Single-family zoning spreads residents too thin to support local commerce. High-rise districts often concentrate residents vertically while separating uses horizontally, forcing people to travel for basic needs. Mid-rise neighborhoods strike the balance—dense enough to sustain walkability, but still human in scale.

Urban economists and planners have long noted that walkable density correlates with lower household transportation costs, improved public health, and stronger local economies. In the U.S., where housing and transportation together account for nearly half of household expenses (according to the Bureau of Labor Statistics), that matters.

The Construction Sweet Spot

Mid-rise density also aligns with how housing can be built more efficiently.

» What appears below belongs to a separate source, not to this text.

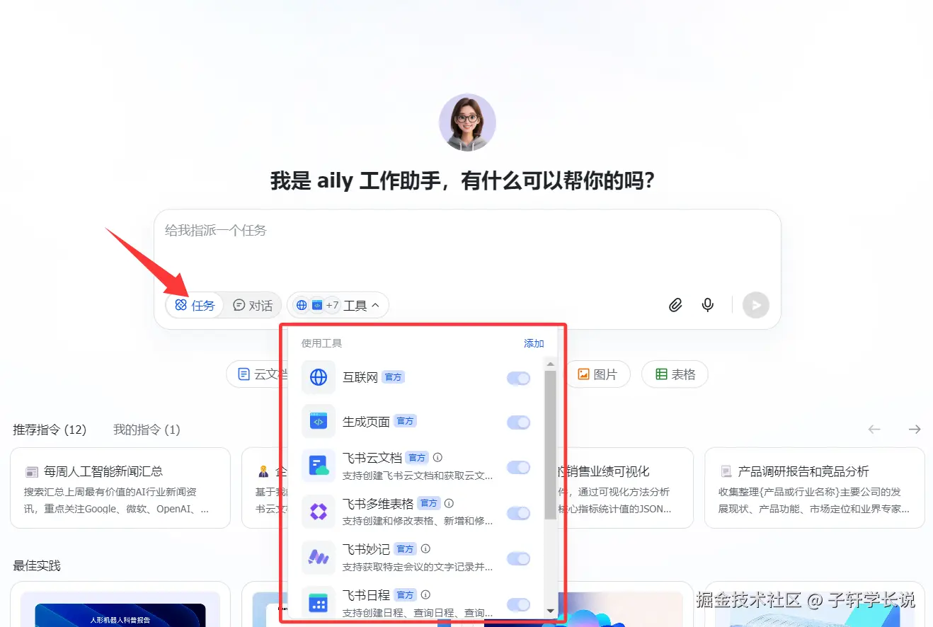 工具栏部分可以看到和云文档、飞书多维表格、生成页面、生成图片这些全部已经默认接入了。也就是可以直接通过AI与上传的云文档、多维表格这些交互,或者直接生成这些内容。

Traditional U.S. construction is slow and fragmented. Every project is treated as a one-off prototype, driving up costs and timelines. That inefficiency is well-documented by the BLS, which shows construction productivity lagging behind nearly every other major sector.

Four- to twelve-story buildings sit in a critical sweet spot for modern construction systems. Concrete cores provide fire safety and seismic resilience. Mass-timber structural frames reduce embodied carbon and speed assembly. Prefabricated, panelized facade systems compress schedules, improve quality control, and reduce labor risk.

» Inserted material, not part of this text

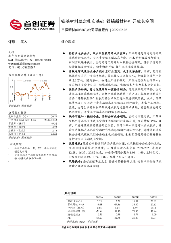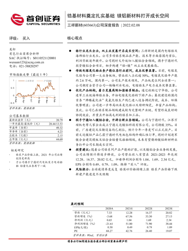 【首创证券】【20220208】三祥新材-603663.SH-公司深度报告:锆基材料奠定扎实基础 镁铝新材料打开成长空间-25页

“At this height, manufacturing principles finally work,” Dirksen explains. “You get repeatability without triggering high-rise costs. That’s the difference between housing as a one-off art project and housing as infrastructure.”

Why Skyscrapers Aren’t the Answer

High-rises have a role, but they are a poor primary solution to a housing shortage. They cost significantly more per unit, take longer to permit and build, rely on volatile capital markets, and provoke political backlash. When one tower fails, thousands of units disappear with it.

Freddie Mac estimates the U.S. housing shortage is in the millions of units. That gap cannot be closed tower by tower.

“Small increases in height, multiplied across a city, outperform a handful of towers every time,” Dirksen says. “It’s math, not ideology.”

A Practical Path Forward

If cities legalized four to eight stories by right across most urban neighborhoods, and allowed eight to twelve stories at transit-oriented sites, they could unlock faster housing delivery, lower per-unit costs, and more walkable communities—without overwhelming infrastructure or neighborhoods.

Paired with streamlined approvals and industrialized construction, this approach offers a realistic, politically viable path out of the crisis.

America’s housing shortage is not a height problem. It’s a consistency problem.

“We’ve underbuilt the kind of housing cities actually need,” Dirksen says. “The fix isn’t building higher. It’s building smarter—and building it everywhere.”

The solution isn’t hiding in the clouds. It’s been standing at five to seven stories all along.